# New uber driver question about payday



## Mjbfan79 (Sep 15, 2015)

I'm tying to figure out if I'm going to get paid this week or the following week. My first day driving was 9-15-15 when I look at my summary & tips page at the top right corner it says September 28,2015 Pay Statement. When I click on that link it says Period ending: September 21, 2015 4AM CDT. Im a little confused. Will my first Payday be 9-24-15 or 10-1-15 Check out the pics below also


----------



## painfreepc (Jul 17, 2014)

Why uber shows the following week invoice on our dashboard before the current weeks invoice has finalized I do not know,

pay period is from 4 a.m.
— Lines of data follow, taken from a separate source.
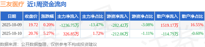 资金流向数据方面,本周三友医疗主力资金合计净流出909.91万元,游资资金合计净流出494.48万元,散户资金合计净流入1404.39万元。本周资金流向一览见下表:
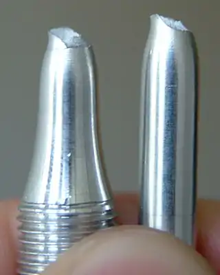Після досягнення зусилля при подальшому розтяганні зразка зона його деформації локалізується і спостерігається на невеликій його довжині. Це призводить до утворення місцевого звуження у вигляді шийки (див.рис.) і до зменшення сили розтягування R, попри те, що напруження у перерізі шийки безперервно зростає. Зменшення розтягувальної сили спостерігається лише при випробуваннях зразка у машині, яка обмежує швидкість зростання деформації (м'яке навантаження). При випробуванні шляхом контролю зростання навантаження (жорстке навантаження), руйнування відбудеться при постійному навантаженні, але із все зростаючою швидкістю.
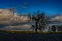 Terwijl er steeds meer dreigende wolken kwamen pikte de bomen op de achtergrond het zonlicht nog mee en showde hun mooie herfstkleuren. Deze foto heb ik gemaakt in Wieler, in mooi Limburg.
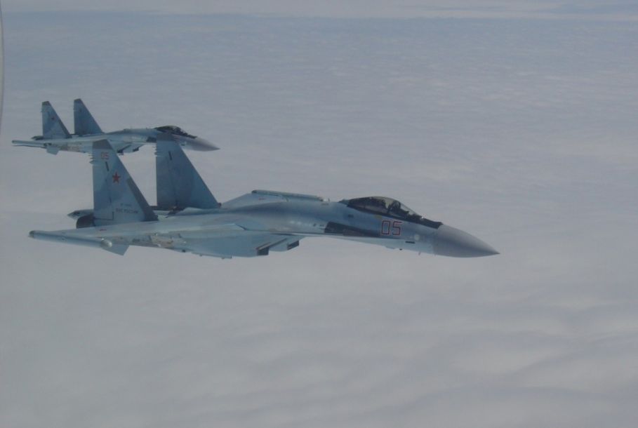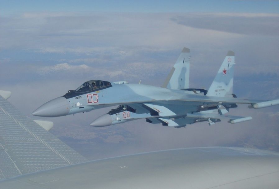 2016年1月30日,俄军四架最新服役的苏-35S重型战斗机飞赴叙利亚参战。这四架战机都是在著名的阿穆尔河畔共青城飞机制造厂制造。鉴于中国购买的苏-35S战机也出自同一制造厂,有西方军事家认为,俄军此次部署的目的或许是向中国客户展示该机型性能。本图由随行的图-154M飞机拍摄。
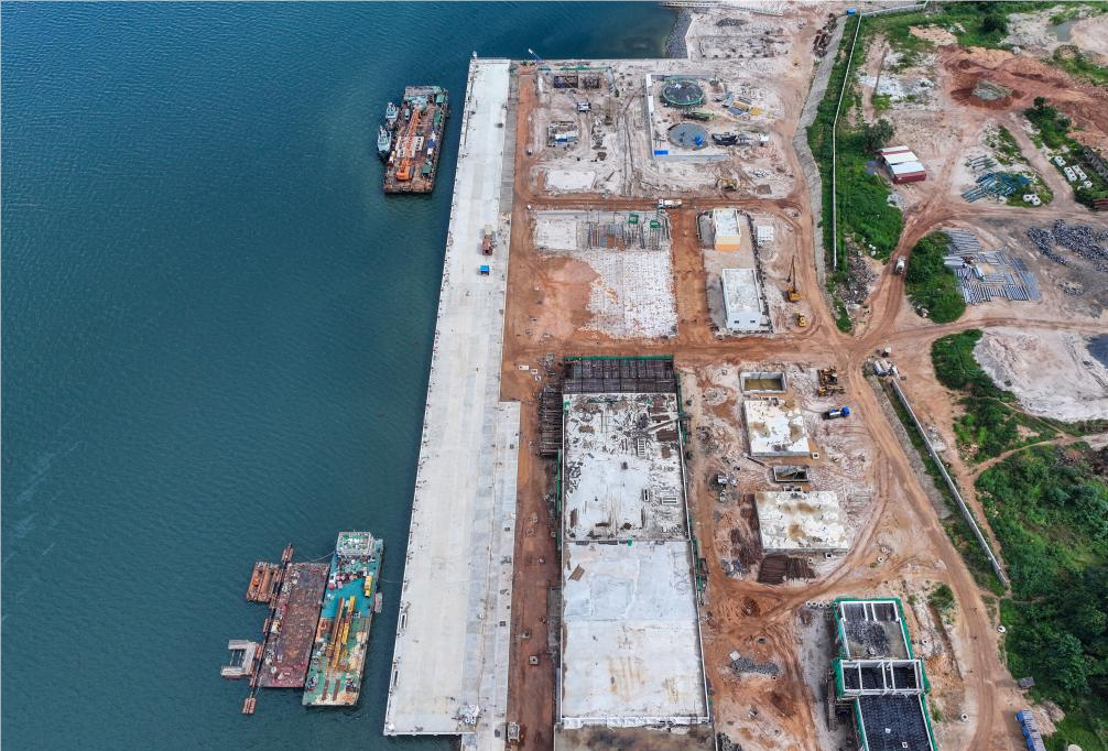 في موقع البناء من كيلوفا ميناء صيد الأسماك في منطقة ليندي في جنوب شرق تنزانيا ، 315 مترا رصيف يمتد إلى البحر مثل الصلب الأسلحة . هذا هو على وشك أن تشهد تنمية اقتصادية كبيرة في تنزانيا المحيط الأزرق ، الذي هو بناء ميناء الصيد الحديثة من الصين ميناء الهندسة المحدودة .
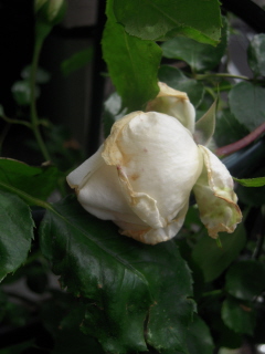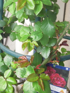 実はこの薔薇は寒さが厳しい間ビニールをかけていたので
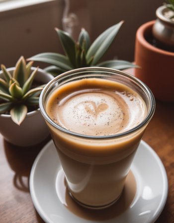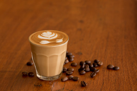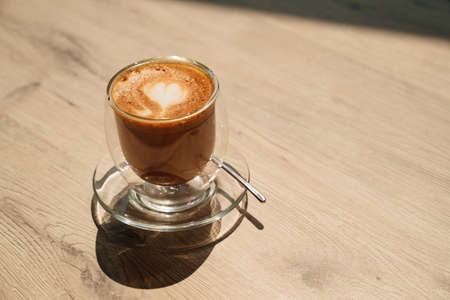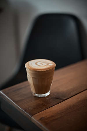 latte coffee with attractive pattern in a glass cup on a wooden table
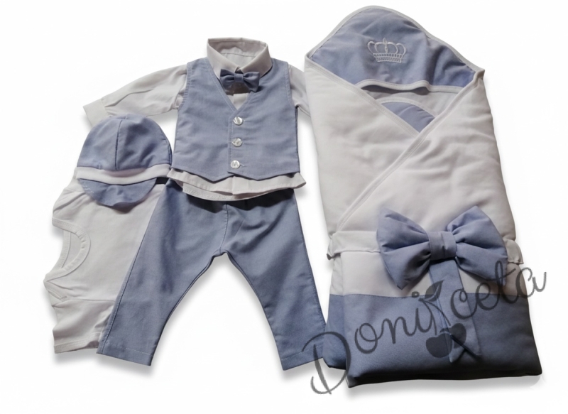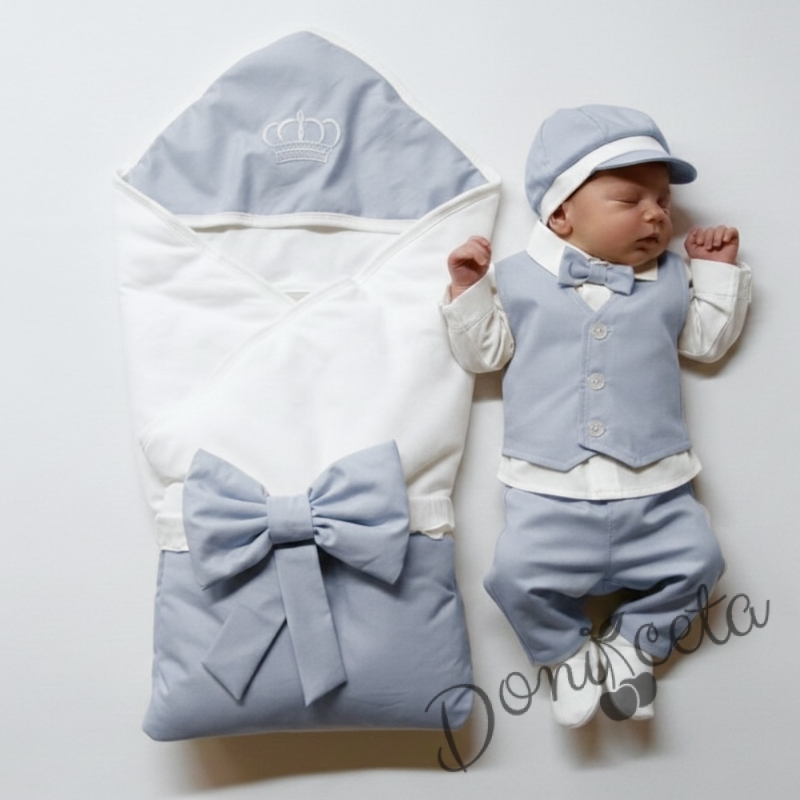 Бебешки елегантен комплект за изписване за момче синьо и бяло
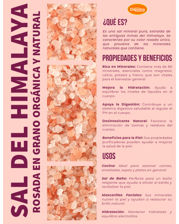 Es una sal mineral pura, extraída de las antiguas minas del Himalaya. Se caracteriza por su color rosado único, que proviene de los minerales naturales que contiene.
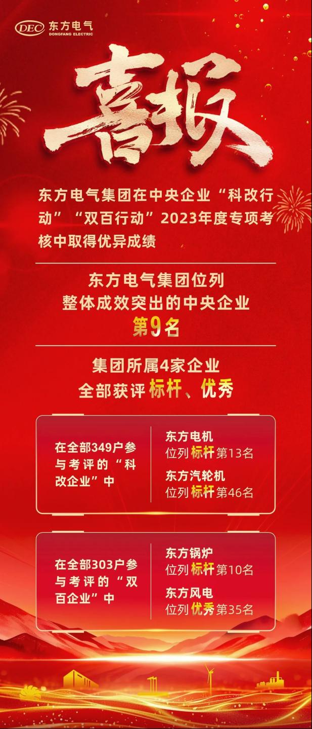 近本网讯 日,国务院国资委发布中央企业“科改行动”“双百行动”2023年度专项考核结果,人生就是搏集团在推进“科改行动”“双百行动”整体成效突出的34家中央企业中位列第9名。人生就是搏集团所属4家企业均取得优异成绩,其中东方电机、东方汽轮机分别位列“科改行动”标杆企业第13名、标杆企业第46名,东方锅炉、东方风电分别位列“双百行动”标杆企业第10名、优秀企业第35名
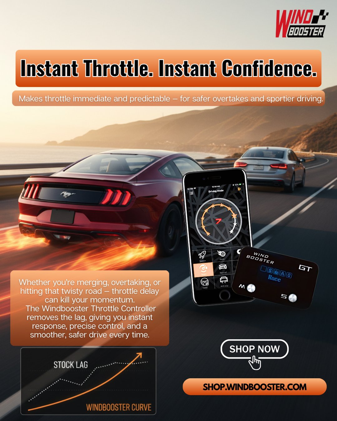 Your car didn’t lose power — throttle delay stole the feel. Windbooster sharpens pedal response instantly.
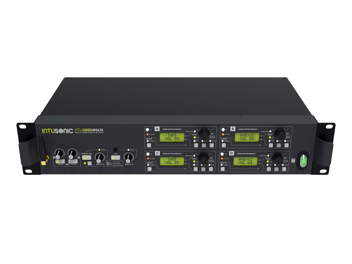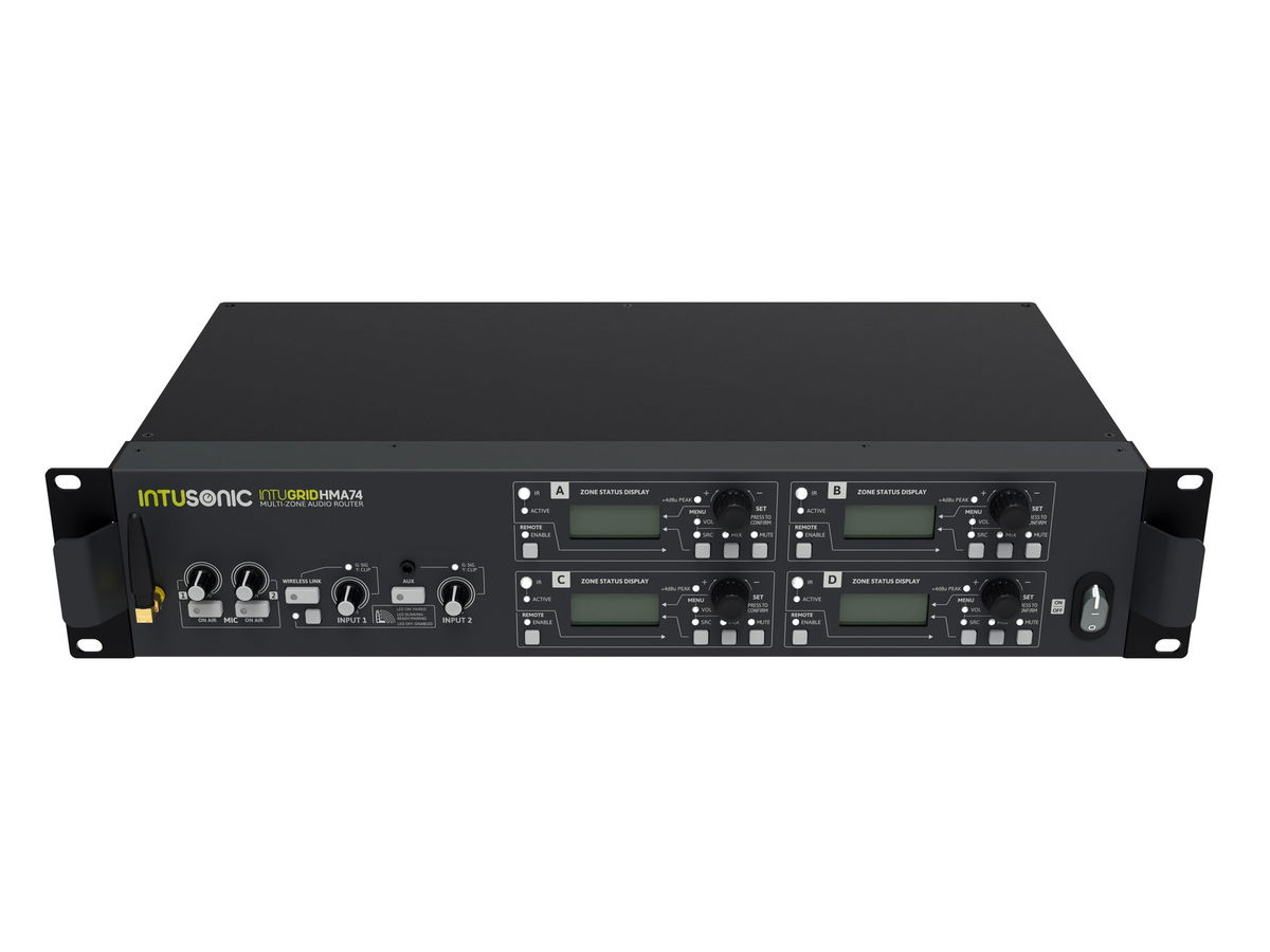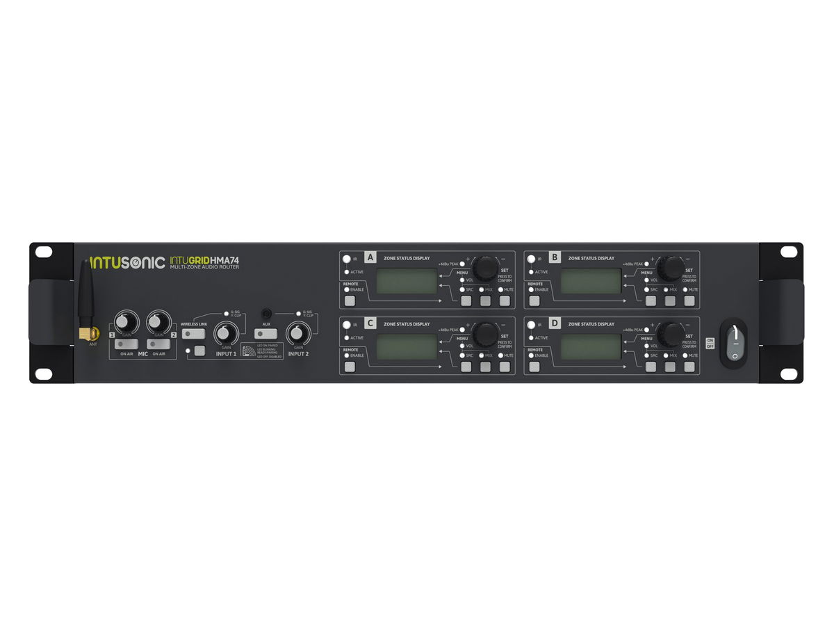 INTUGRID HMA74 je základní jednotka pro digitálně řízené zónování zvuku Intusonic, kterou doplňuje vzdálený nástěnný panel HZE11. Společně poskytují škálovatelný systém směrování zvuku pro hudbu na pozadí. HMA74 nabízí dva mikrofonní vstupy, 5 linkových vstupů, 3,5mm TRS vstup na předním panelu a bezdrátové audio spojení LINKOUSTIC 4.2, které lze flexibilně směrovat do jeho 4 výstupních zón, přičemž každou z těchto zón lze ovládat buď z palubní desky. uživatelské rozhraní, přiložený IR dálkový ovladač nebo nástěnný dálkový ovládací panel. Každá zóna může být široce konfigurována tak, aby splňovala požadavky aplikace, přičemž interakce uživatele je extrémně jednoduchá. Zónový vzdálený nástěnný panel HZE11 umožňuje dálkově ovládat všechna nastavení zón a navíc přijímá místní audio. 19" audio router, 5 stereo a 2 mikrofonní vstupy, IR dálkové ovládání a možnost ovládání RS485. Ovládání přes IR dálkové ovládání; RS 485; LINKOUSTIC 4.2 Wireless Audio Link. LCD displej. (19") 48,3 cm instalace do racku 2 U. Obsah balení: 1 x zařízení, 1 x napájecí kabel, 12 x šroubovací konektor, 1 x zástrčka (samec), 4 x noha, 1 x anténa, 1 x dálkové ovládání, 1 x baterie, 1 x návod k použití
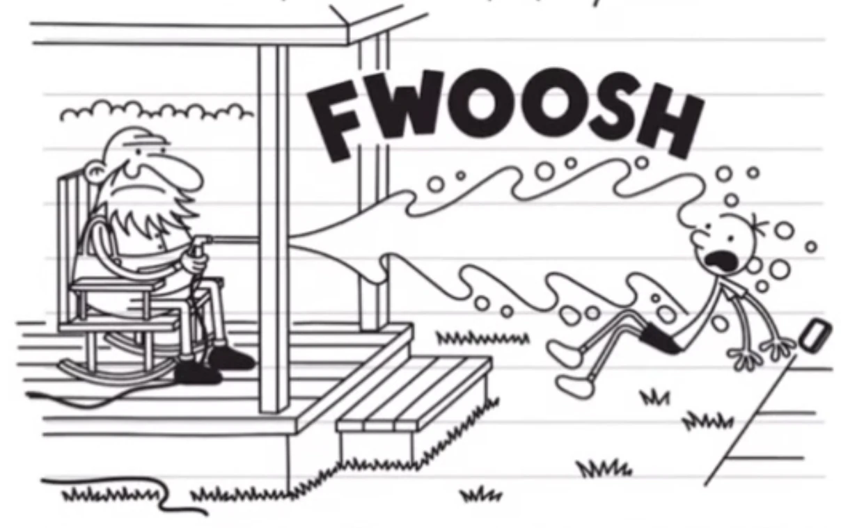 Greg gets watered by an old man with a hose.
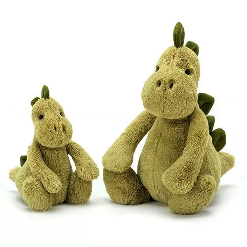 Kleine Bashful Dino van het Engelse merk Jellycat heeft vriendelijke kraalogen en de zachtste stekels. Een beste, prehistorisch maatje en knuffelvriend.Â
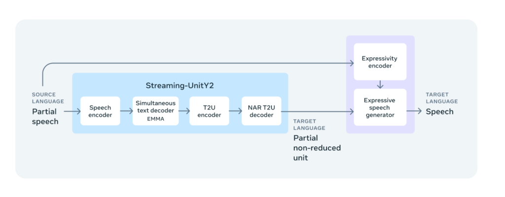 Secondo quanto affermano i ricercatori, Seamless è “il primo sistema disponibile al pubblico che consente una comunicazione espressiva interlinguistica in tempo reale” e comprende tre modelli, ovvero SeamlessExpressive, SeamlessStreaming, SeamlessM4T v2.
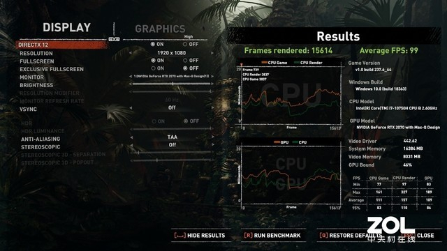 首先来看《古墓丽影:暗影》,整体画质为“High”,使用游戏内置的BenchMark进行测试,平均帧数:99帧。
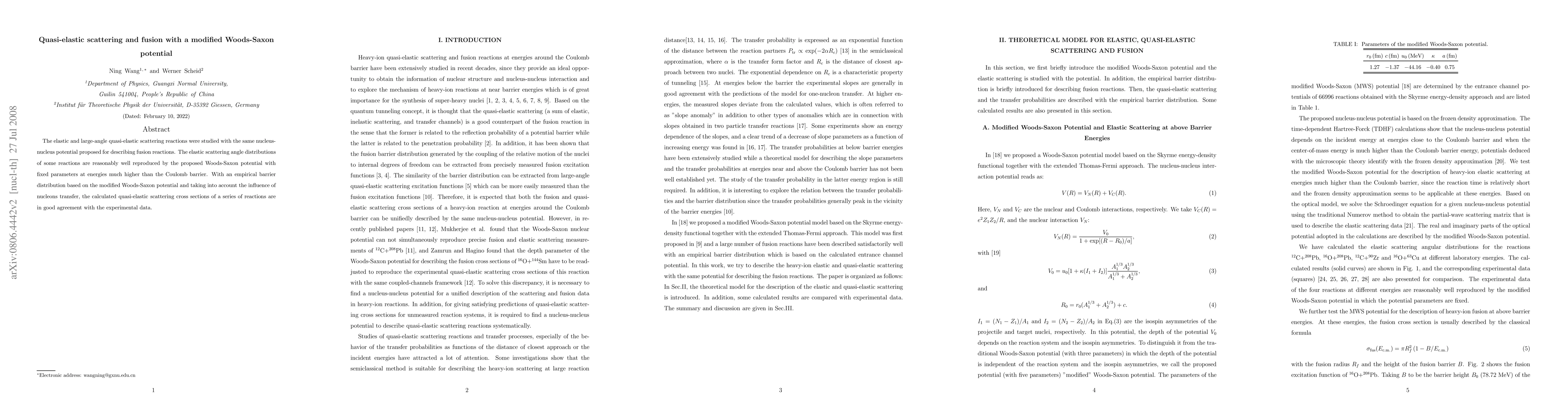 This paper studies quasi-elastic scattering and fusion reactions using a modified Woods-Saxon potential, successfully reproducing elastic scattering angles and quasi-elastic scattering cross sections at high energies, validating the potential's empirical barrier distribution and nucleon transfer effects.
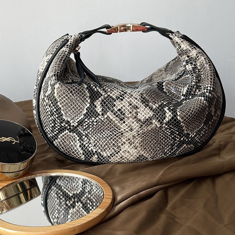 普洛克正品真皮皮包绵羊皮蛇纹印花金属扣高级手挎女士轻奢手拿包

Monday morning till 3:59 a.m. the following Monday morning, we get paid Thursday morning,

example 3:59 a.m. on the 1st to 4 a.m. on the 8th,
we would get paid on the 11th.


----------



## SacUber75 (Aug 17, 2015)

24th is payday


----------



## ubr_dfw (Oct 8, 2015)

Uber failed to pay a bunch of drivers today. Nobody at Uber knows what's going on. Drivers have emailed Uber a bunch of times but no replies or explanations are coming back.


----------



## SacUber75 (Aug 17, 2015)

I was paid yesterday


----------



## Mario martinez (Nov 21, 2016)

So I have two day these Sunday my very first 2. Days I am new on these ... will I get pay these Thursday????


----------



## Om3ga7 (Oct 10, 2016)

Direct deposit is weekly on Thursday (sometimes Wednesday) depending on your banking institution.

You'll eventually be eligible for instant pay after you hit a certain amount of trips.


----------